Genocide in Bosnia

Bosnian Genocide, 1992-1995

Vitez massacres in Central Bosnia claim lives of 172 Bosniaks

Bosnian Genocide (1993) Bosnian Genocide (1993) Photograph of trenching area on the Bosniak (Bosnian Muslim) side of Stari Vitez. Photo: The International Criminal Tribunal for the Former Yugoslavia (ICTY).

Bosnian Genocide (1993) Bosnian Genocide (1993) Photograph of trenching area on the Bosniak (Bosnian Muslim) side of Stari Vitez. Photo: The International Criminal Tribunal for the Former Yugoslavia (ICTY).

In the early morning of April 16, 1993 at about 5:45 to 6:00 a.m. Bosniak areas of Vitez and Krušćica were attacked by Croat artillery, which increased during the morning and included mortar fire of various calibre.

It was the first coordinated offensive in the area with attacks happening simultaneously up and down the valley.

According to professional military opinion of a British colonel, the Army of Bosnia and Herzegovina (ARBiH) had been taken by surprise. Croatian Defence Council (HVO) soldiers in camouflage uniforms entered the streets of Vitez, arresting Bosniaks and killing them in their apartments.

The prominent Bosniaks of the town were arrested. Anto Breljaš, a former member of the Vitezovi Unit, said that the Viteška Brigade of HVO and the Vitezovi attacked Stari Vitez but the Vitezovi did not take part in the Ahmici massacre as a unit, although one or two individuals may have done so. Croat forces slaughtered 120 Bosniak civilians in the Ahmici massacre.

The two villages of Donja Večeriska and Gornja Večeriska near Vitez were attacked on April 16, 1993. On the night of April 15, 1993, most Croats left Donja Večeriska. Nonetheless, an attack was not expected by Bosniaks since the Croats had evacuated the village several times before.

The shelling started at 5:30 a.m. with an anti-aircraft gun shooting from the factory nearby. Grenades were thrown into the houses and the residents and others were then arrested and beaten. The majority of Bosniak houses were burned. At least eight persons were killed in the attack and the village was destroyed by explosives and fire.

Picture of Augustina Grebenar, a child killed by Croat attack on Vitez on the 10th of June 1993. Photo: The International Criminal Tribunal for the Former Yugoslavia (ICTY).

Picture of Augustina Grebenar, a child killed by Croat attack on Vitez on the 10th of June 1993. Photo: The International Criminal Tribunal for the Former Yugoslavia (ICTY).

 

The fighting in Vitez continued after April 16, 1993. The old town of Stari Vitez (or Mahala as it called) remained in Bosnian government hands.
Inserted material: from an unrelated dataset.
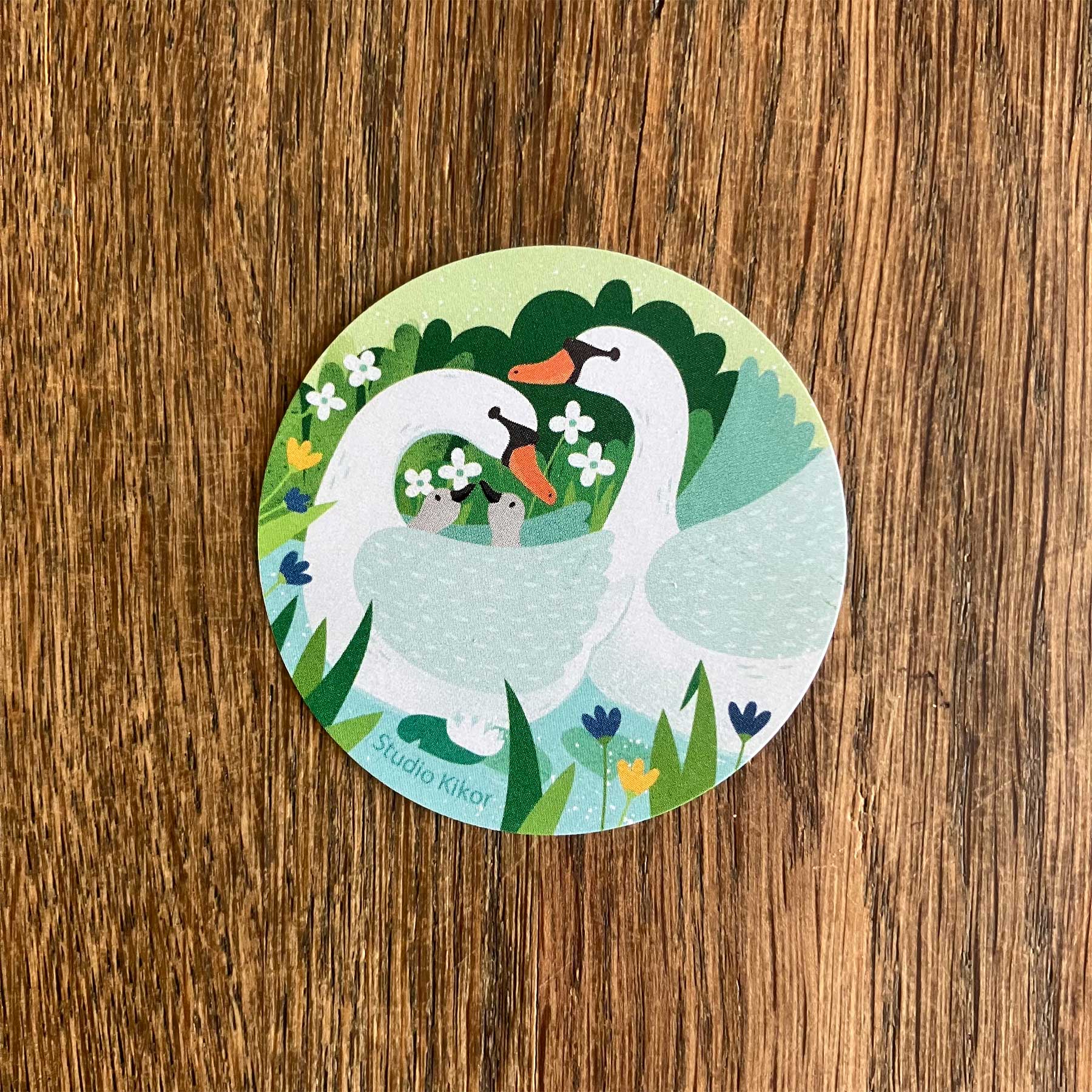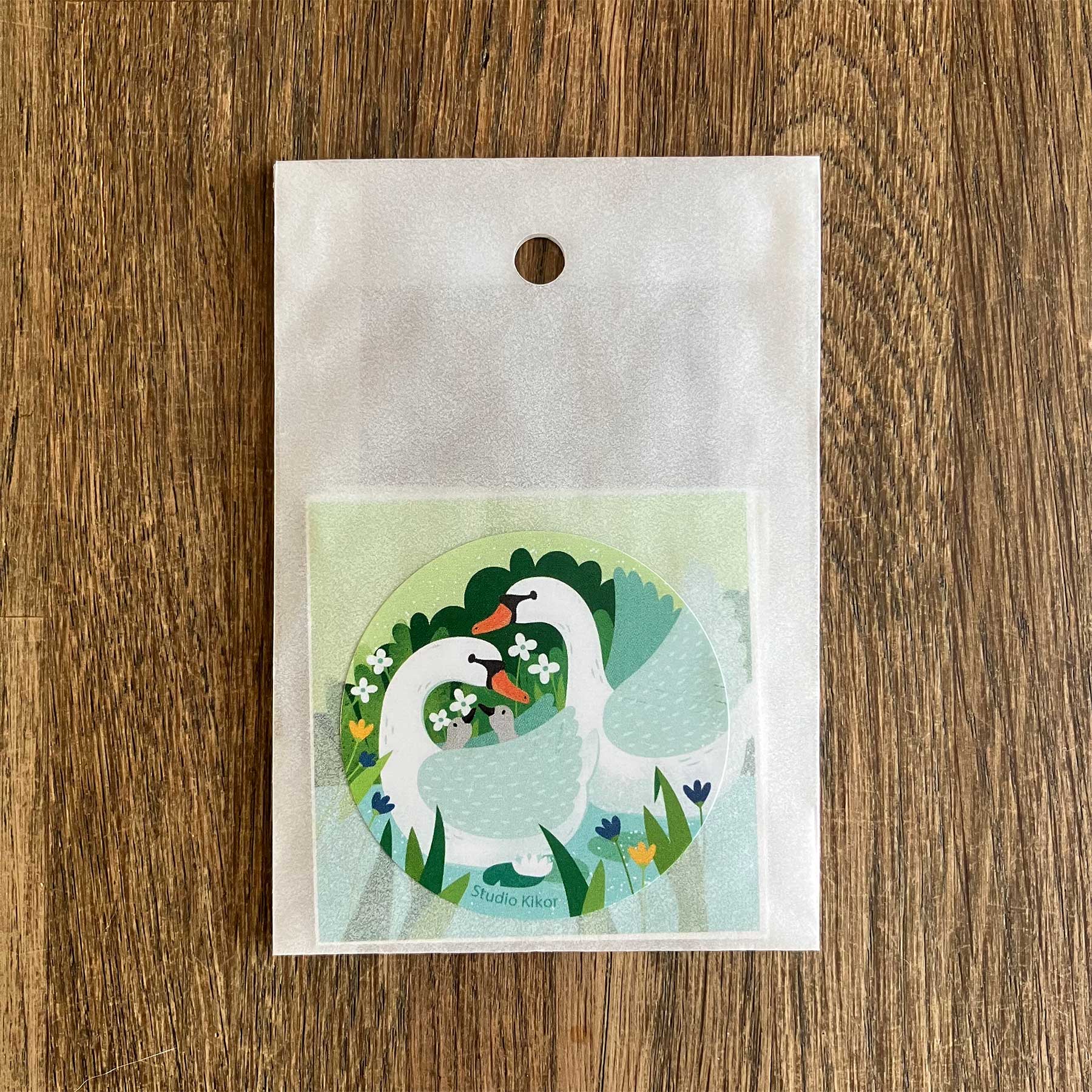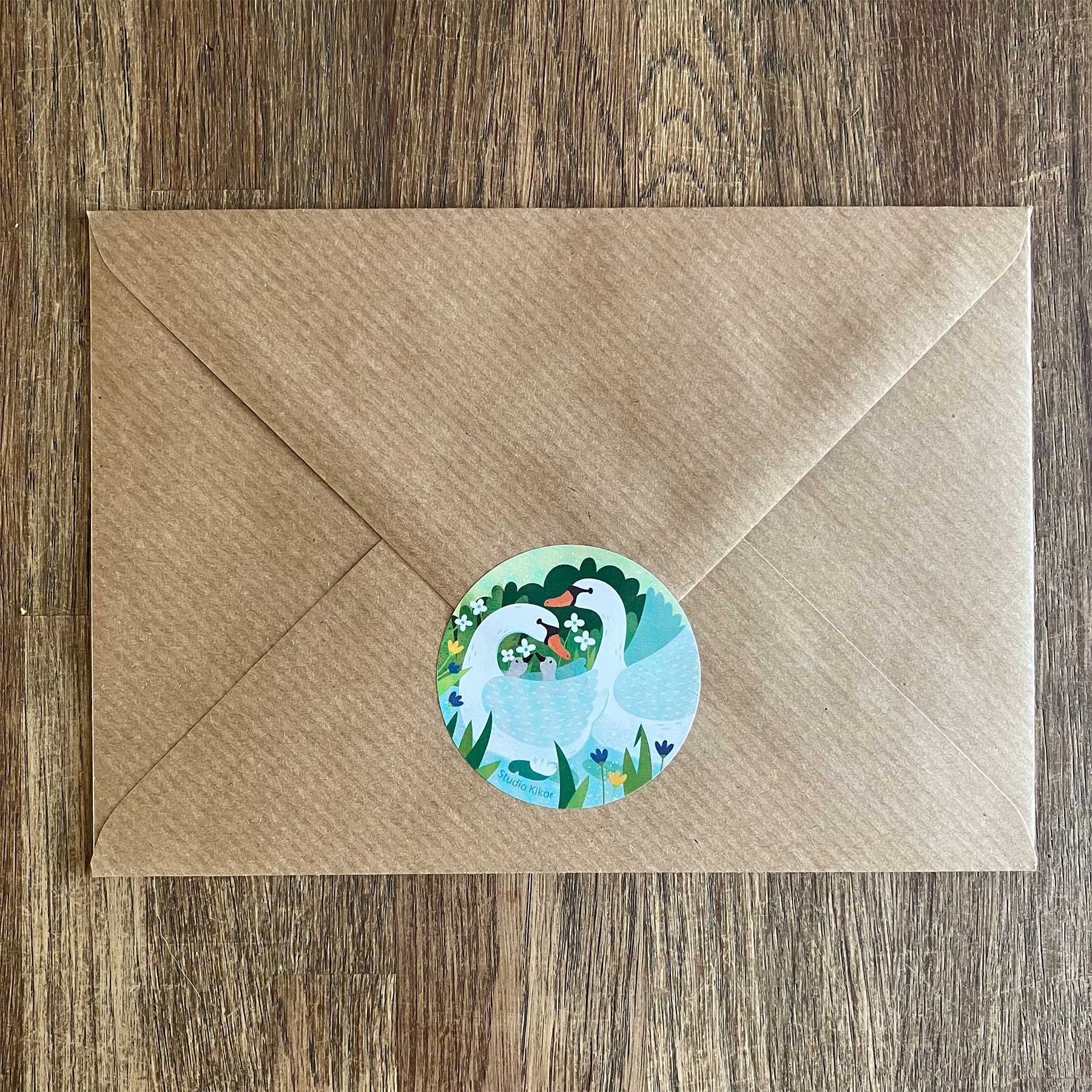 Stuur post met een beetje natuur! Gebruik deze sluitzegel met een illustratie van zwanen in een vijver om je enveloppen mee dicht te maken.

However, the HVO surrounded it and subjected it to siege and attack from April 1993 to February 1994. The period was characterized by confrontations of varying intensity, in particular by a violent attack on July 18, 1993 when a great many homemade weapons known as “baby bombs” were fired on Stari Vitez and killed many Bosniaks. That quarter of the town was also targeted by multi-tube rocket-launchers and mortars.

On April 18, 1993 a tanker containing 500 kilograms of explosives exploded near the mosque in Stari Vitez, destroying the offices of the Bosnian War Presidency, killing at least six people and injuring 50 others. The ICTY accepted that this action was a piece of pure terrorism committed by elements within the Croat forces, as an attack on the Bosniak population of Stari Vitez.

In all, 172 Bosniaks in the Vitez municipality were killed and 5,000 expelled, (1,200 having been detained): 420 buildings were destroyed, together with three mosques, two Muslim seminaries and two schools.